[INFORMATION SUPPLIED]
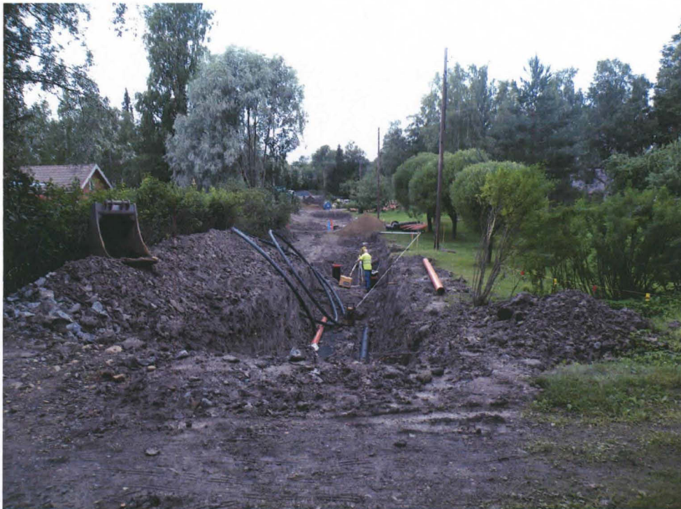
Kuva 2. Hakamäentien työhanke. Ennen arkeologista valvontaa kaivettu alue. Maaperä valvotun kaivualan luoteispuolella oli savinen. KY 19:1.

Hakamäentien valvonnassa kaivettava osuus oli kartassa merkitty niityksi. Hakamäentietä reunustivat viime vuosisadan alkupuolella rakennetut vanhat puutalot ja niihin kuuluvat puutarhat. Kaivettavalla alueella oli ollut vanha käyttämätön tielinja. Valvontatyö aloitettiin Hakamäentie 6:n kohdalta. Tätä aiemmin valvomatta oli kaivettu luoteenpuoleinen tietyöalue. Valvontatyötä jatkettiin Hallamäen tontin puoleiselle työalueelle muutamia metrejä.
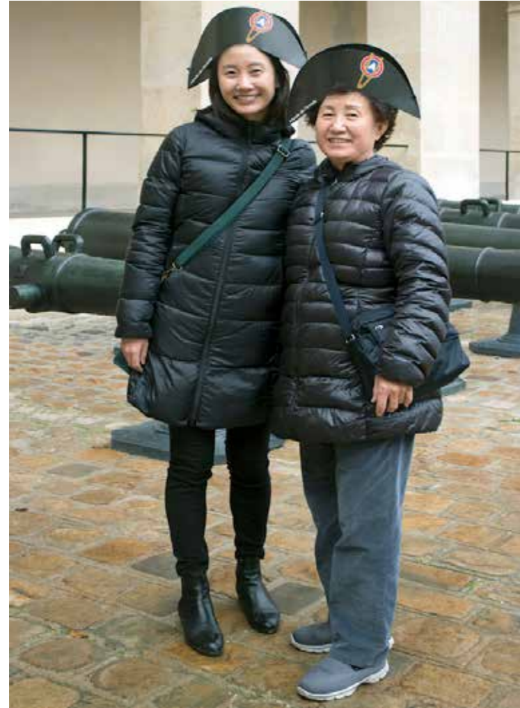
"Paris", 2016. 50 x 40 cm.
[/INFORMATION SUPPLIED]
▶ HOW TO COMPLETE THIS TASK:
Pull every line containing "kaivettu" out of the material and copy it.

▶ REPLY:
Kuva 2. Hakamäentien työhanke. Ennen arkeologista valvontaa kaivettu alue. Maaperä valvotun kaivualan luoteispuolella oli savinen. KY 19:1.
Hakamäentien valvonnassa kaivettava osuus oli kartassa merkitty niityksi. Hakamäentietä reunustivat viime vuosisadan alkupuolella rakennetut vanhat puutalot ja niihin kuuluvat puutarhat. Kaivettavalla alueella oli ollut vanha käyttämätön tielinja. Valvontatyö aloitettiin Hakamäentie 6:n kohdalta. Tätä aiemmin valvomatta oli kaivettu luoteenpuoleinen tietyöalue. Valvontatyötä jatkettiin Hallamäen tontin puoleiselle työalueelle muutamia metrejä.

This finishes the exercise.